The Minister of Power, Works and Housing, Mr. Babatunde Fashola, has declared that eligible power consumers are now free to purchase electricity directly from power generation companies.

By declaring eligible customers, the minister has empowered the consumer to buy electricity directly from licensees other than the power distribution companies, a development that the Discos recently opposed.

The Nigerian Electricity Regulatory Commission on Friday stated that Fashola declared four categories of eligible customers in the Nigerian electricity supply industry on May 15, 2017, describing the declaration as a major policy directive in the industry.

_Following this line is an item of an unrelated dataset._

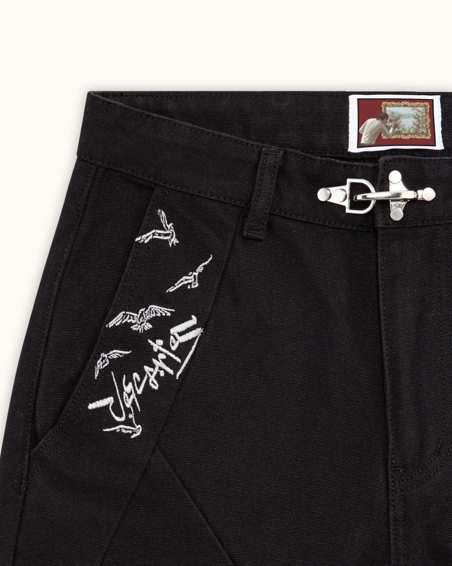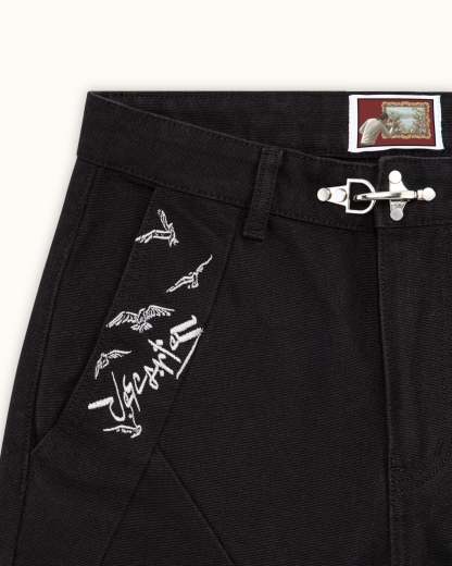 A jet-black canvas silhouette elevated with structured pleats and calligraphic detail. Carries a sweeping eagle motif across the back leg that wraps subtly to the front. A fireman-clasp buckle and tonal construction keep the look sharp, while the embroidery introduces depth and identity.
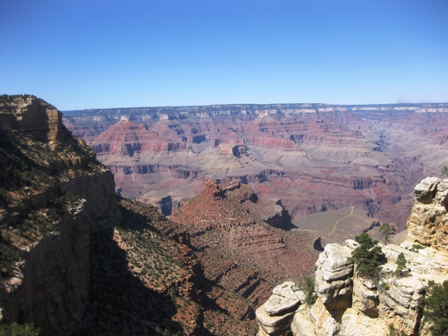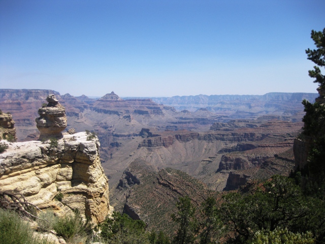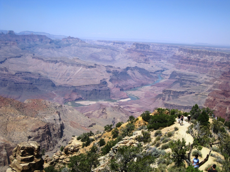 Am Visitorcenter waren Fotos der jeweiligen Aussichtspunkte zu begutachten. Das fanden wir ganz gut, denn so konnte man sich schon einen Eindruck verschaffen, ob man den jeweiligen Punkt für erwandernswert erachtet. Das „Problem“ an diesem Tag war, dass es sehr heiß war (über 30 ° im Schatten) und man sich schon überlegen musste, welche Wanderung man tatsächlich unternimmt.

In a statement issued in Abuja, NERC said, “The declaration, which permits electricity customers to buy power directly from the generation companies, is in line with the provisions of Section 27 of the Electric Power Sector Reform Act, 2005, whereby eligible customers are permitted to buy power from a licensee other than the electricity distribution companies.

In exercising the power conferred on him by the said Act, the minister directed the commission to permit four categories of customers to buy power directly from licensees other than electricity distribution companies.”

It stated that the first category of eligible customers comprised of a group of end-users registered with the commission whose consumption was not less than two megawatts-hour/hour and connected to a metered 11kV or 33kV delivery point on the distribution network.

These customers, according to NERC, must be subject to a distribution use of system agreement for the delivery of electrical energy.The commission added, “The next category of eligible customers are those connected to a metered 132kV or 330kV delivery point on the transmission network under a transmission use of system agreement for connection and delivery of energy.

“Other category of customers under the declaration consists of those with consumption in excess of 2MWhr/h on monthly basis and connected directly to a metered 33kV delivery point on the transmission network under a transmission use of system agreement.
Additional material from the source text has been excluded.